_Aim of the task_
A faithful copy of the data is the goal; set it down exactly, without the images.

== Segment start ==

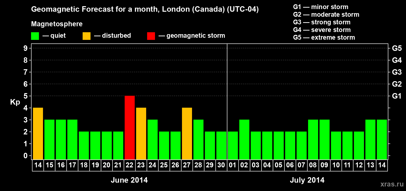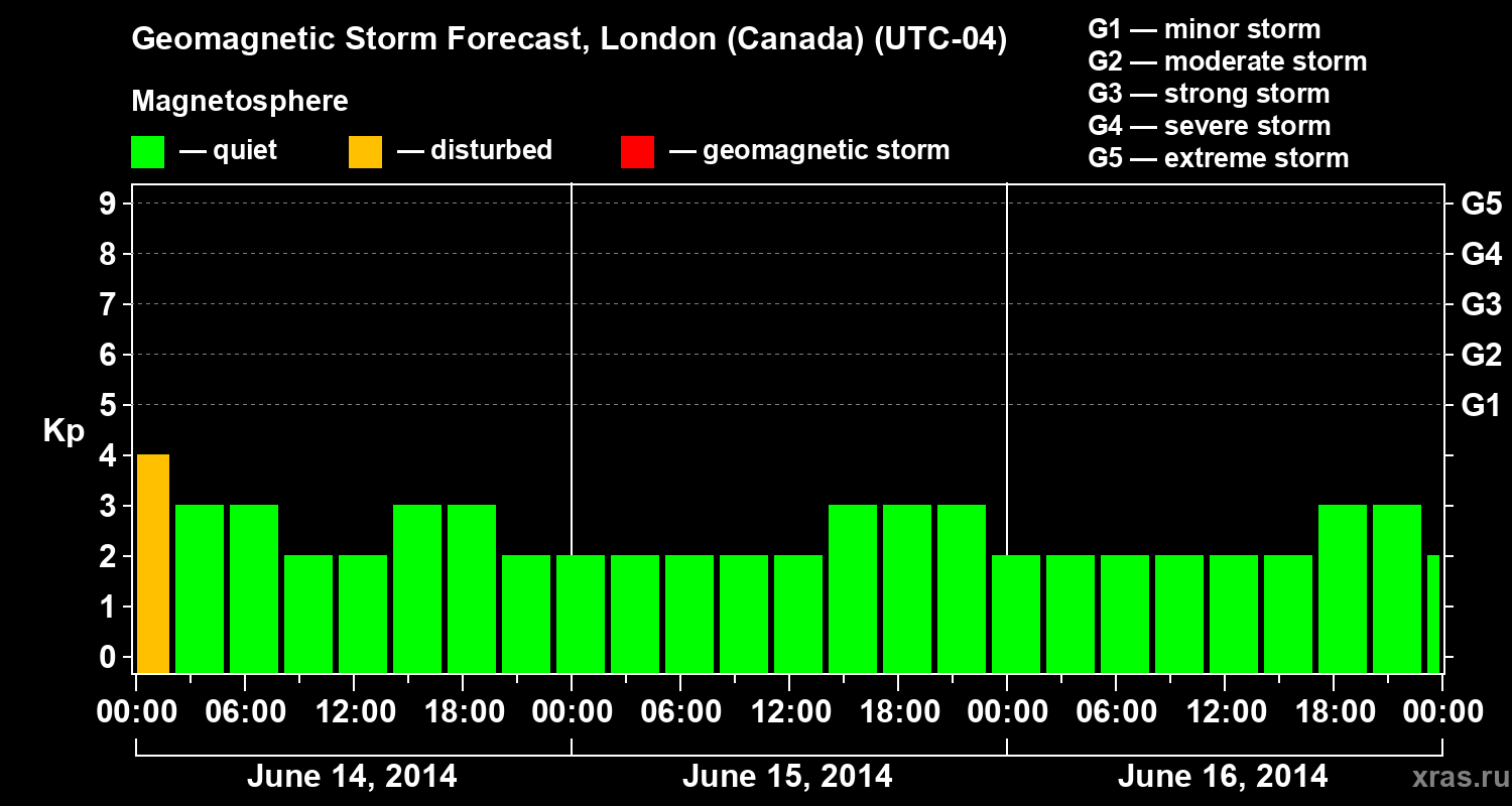 Geomagnetic storm forecast in London (Canada) for Jun 14, 2014
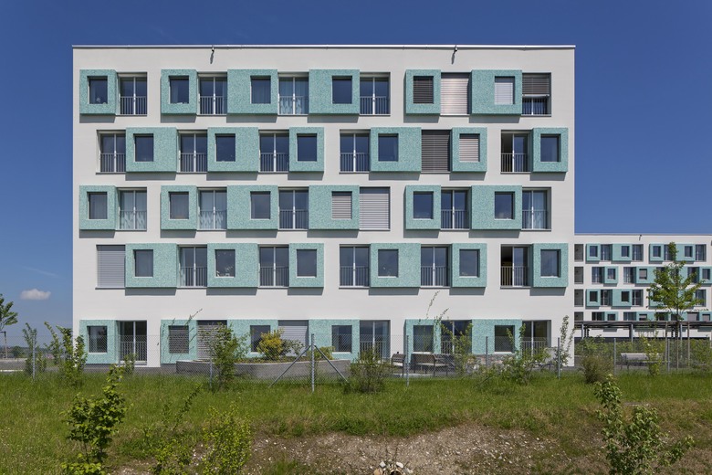 Die Farbe und Körnung der Fassade gehört zum Gestaltungskonzept des Künstlers Peter Roesch. Felder mit Kleinmosaiken bilden einen wichtigen Bestandteil des äusseren Erscheinungsbildes. Es entsteht ein Spiel mit der stumpfen, matten Fassadenfläche und den schillernden Mosaikflächen im Zusammenhang mit den Fensterfeldern.
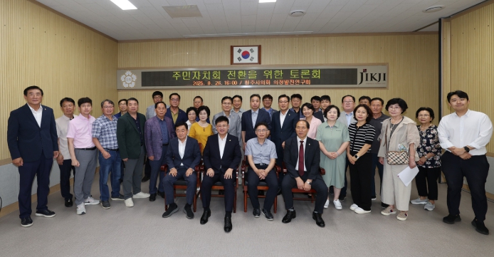 청주시의회 의원 연구단체 ‘의정발전연구회’(대표 김태순 의원)가 26일 시의회 특별위원회실에서 '주민자치회 전환을 위한 토론회'를 개최했다.
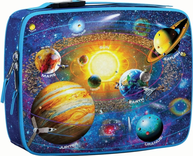 Sestavljanka v darilni embalaži je odlična izbira za vse ljubitelje vesolja. Zaradi privlačnega motiva Osončja otroci razvijajo logično razmišljanje, potrpežljivost in fino motoriko. Praktični termo ovitek služi kot izotermična škatla za malico z zadrgo, zato embalaža odlično koristi tudi po končanem sestavljanju.
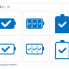 消毒済マーク、消毒ビンにチェック、消毒スプレーにチェック、青色ベース、黒色ベースなど12種類
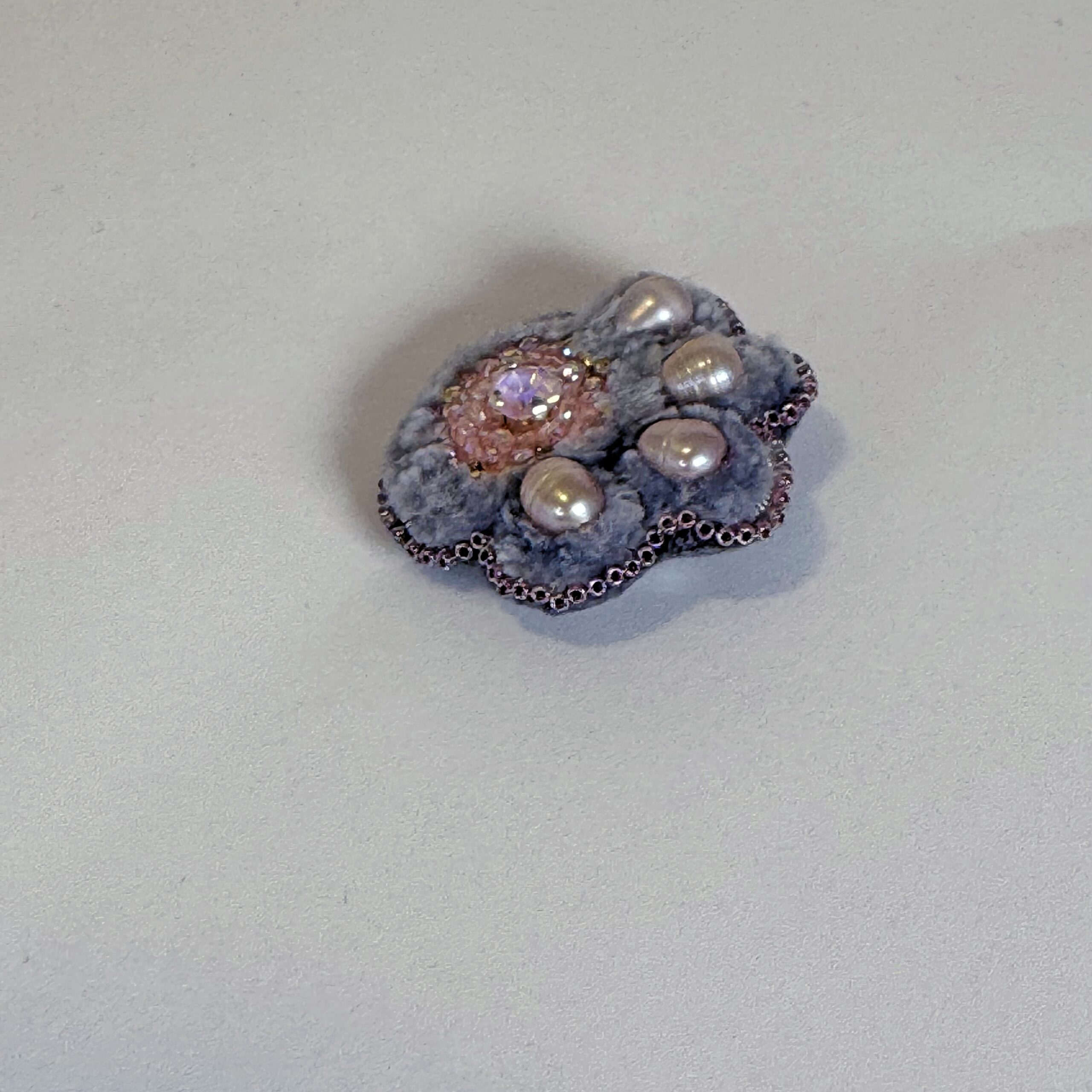 натур.жемчуг; кристаллы; бисер; жесткая канитель; нить мех.; стекл.граненные бусины; спинка -бархат; боковина -бисер; замок -
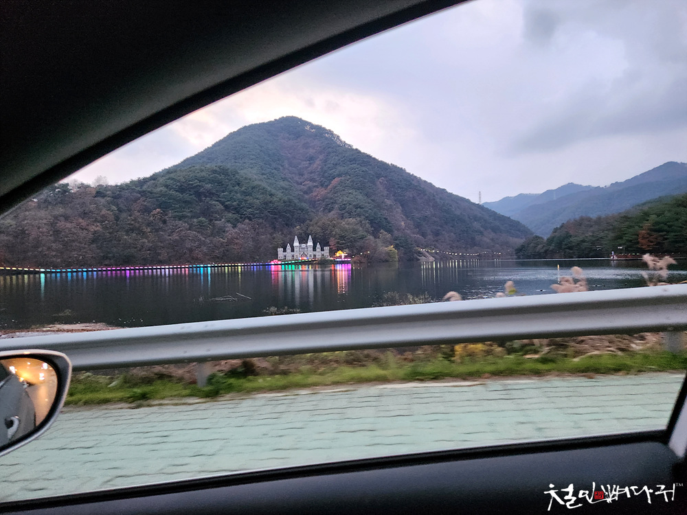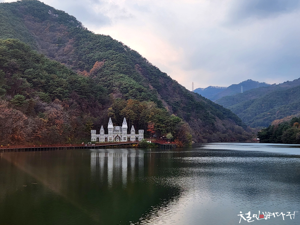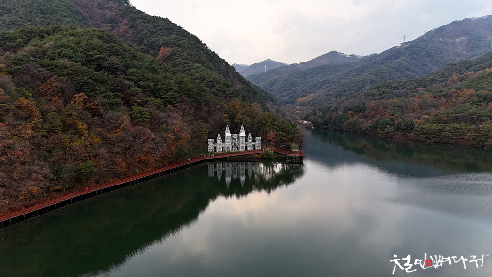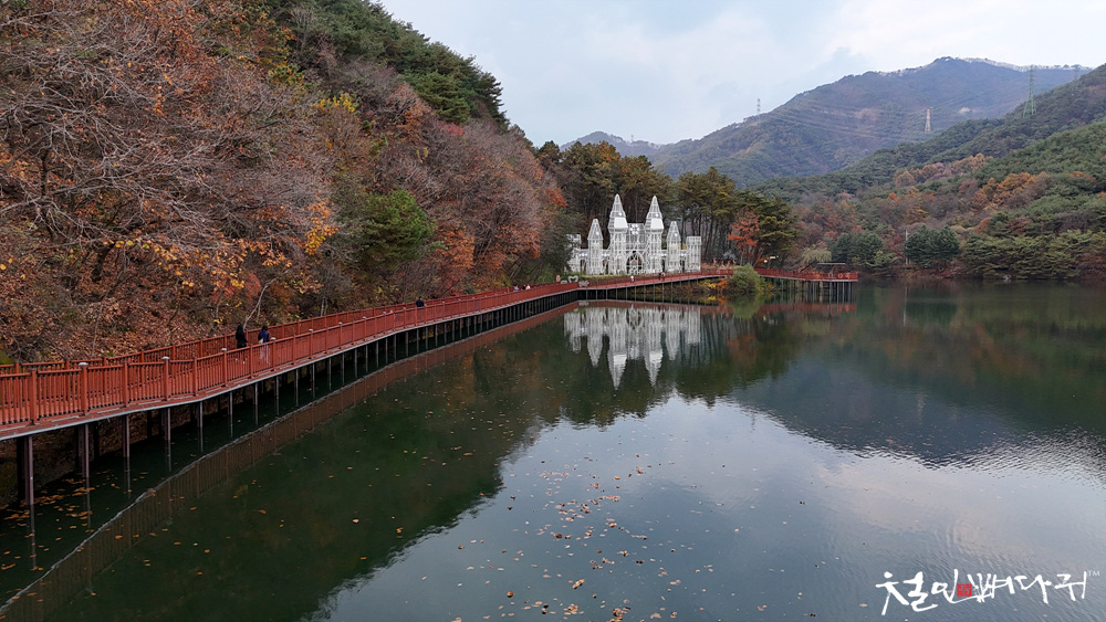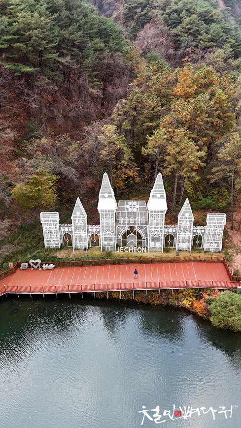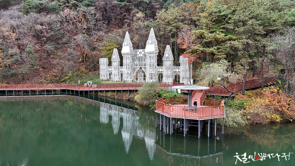 비룡담저수지의 시그니처인 성 모양의 조형물이
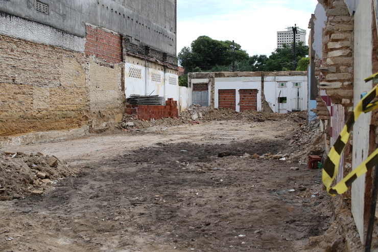 O POVO Online visitou o terreno localizado na esquina das ruas 25 de Março e Franklin Távora, nesta quinta-feira, 3, e verificou a demolição. Restam apenas duas grandes paredes, uma delas quebradas para a entrada de um trator que fez a retirada do entulho. Faixas e vigas foram colocadas para impedir a entrada de populares.
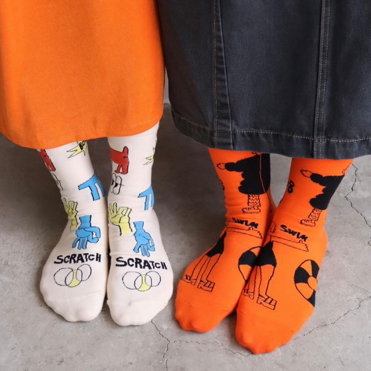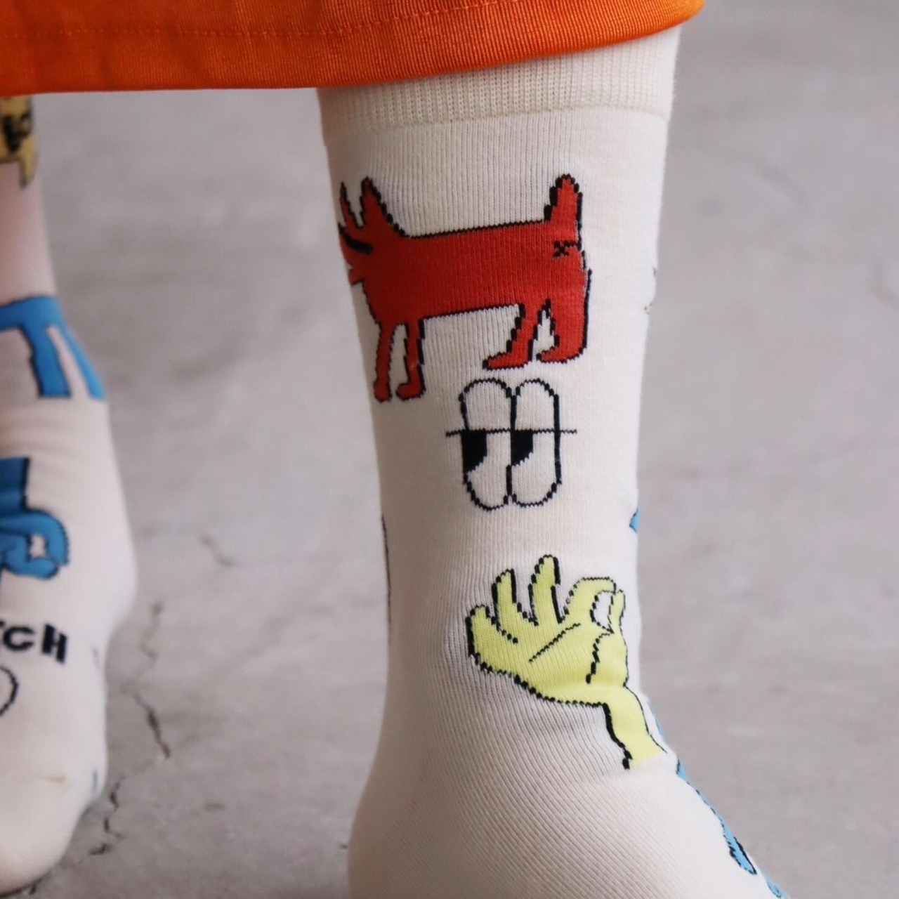 でも履いたらなんか笑えてくる、そんなラクガキソックス。赤い犬やスケボー、謎の手やセリフ…考えちゃダメ、感じるんだ!
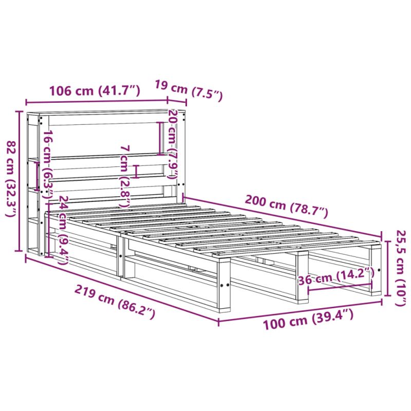 Насладете се на добър нощен сън с тази дървена рамка за легло! Тя ще бъде практично и декоративно допълнение към вашия интериор. Стабилна и дълготрайна рамка: Масивната борова дървесина е известна със своята здравина и издръжливост. Нейните прави зърна и отличителни възли допринасят за рустик чара ѝ.Достатъчно място за съхранение: Тази елегантна табла разполага с удобни рафтове, предлагащи достатъчно място за съхранение, за да държите всичките си основни вещи през нощта леснодостъпни.Гъвкава табла: Тази рамка за единично легло се предлага с табла, която осигурява отлична опора за гърба, когато седите в леглото, за да четете или гледате телевизия, като същевременно служи и като декоративен елемент.Решетъчна основа за оптимална опора: Основата за легло е оборудвана с решетъчна основа за опора и дишане на вашия матрак. Добре е да се знае:Към това легло не е включен матрак. Ние предлагаме разнообразна селекция от матраци. Можете да проверите нашия магазин за подходящ матрак.

== Segment end ==

_Answer_
 Geomagnetic storm forecast in London (Canada) for Jun 14, 2014
 Die Farbe und Körnung der Fassade gehört zum Gestaltungskonzept des Künstlers Peter Roesch. Felder mit Kleinmosaiken bilden einen wichtigen Bestandteil des äusseren Erscheinungsbildes. Es entsteht ein Spiel mit der stumpfen, matten Fassadenfläche und den schillernden Mosaikflächen im Zusammenhang mit den Fensterfeldern.
 청주시의회 의원 연구단체 ‘의정발전연구회’(대표 김태순 의원)가 26일 시의회 특별위원회실에서 '주민자치회 전환을 위한 토론회'를 개최했다.
 Sestavljanka v darilni embalaži je odlična izbira za vse ljubitelje vesolja. Zaradi privlačnega motiva Osončja otroci razvijajo logično razmišljanje, potrpežljivost in fino motoriko. Praktični termo ovitek služi kot izotermična škatla za malico z zadrgo, zato embalaža odlično koristi tudi po končanem sestavljanju.
 消毒済マーク、消毒ビンにチェック、消毒スプレーにチェック、青色ベース、黒色ベースなど12種類
 натур.жемчуг; кристаллы; бисер; жесткая канитель; нить мех.; стекл.граненные бусины; спинка -бархат; боковина -бисер; замок -
 비룡담저수지의 시그니처인 성 모양의 조형물이
 O POVO Online visitou o terreno localizado na esquina das ruas 25 de Março e Franklin Távora, nesta quinta-feira, 3, e verificou a demolição. Restam apenas duas grandes paredes, uma delas quebradas para a entrada de um trator que fez a retirada do entulho. Faixas e vigas foram colocadas para impedir a entrada de populares.
 でも履いたらなんか笑えてくる、そんなラクガキソックス。赤い犬やスケボー、謎の手やセリフ…考えちゃダメ、感じるんだ!
 Насладете се на добър нощен сън с тази дървена рамка за легло! Тя ще бъде практично и декоративно допълнение към вашия интериор. Стабилна и дълготрайна рамка: Масивната борова дървесина е известна със своята здравина и издръжливост. Нейните прави зърна и отличителни възли допринасят за рустик чара ѝ.Достатъчно място за съхранение: Тази елегантна табла разполага с удобни рафтове, предлагащи достатъчно място за съхранение, за да държите всичките си основни вещи през нощта леснодостъпни.Гъвкава табла: Тази рамка за единично легло се предлага с табла, която осигурява отлична опора за гърба, когато седите в леглото, за да четете или гледате телевизия, като същевременно служи и като декоративен елемент.Решетъчна основа за оптимална опора: Основата за легло е оборудвана с решетъчна основа за опора и дишане на вашия матрак. Добре е да се знае:Към това легло не е включен матрак. Ние предлагаме разнообразна селекция от матраци. Можете да проверите нашия магазин за подходящ матрак.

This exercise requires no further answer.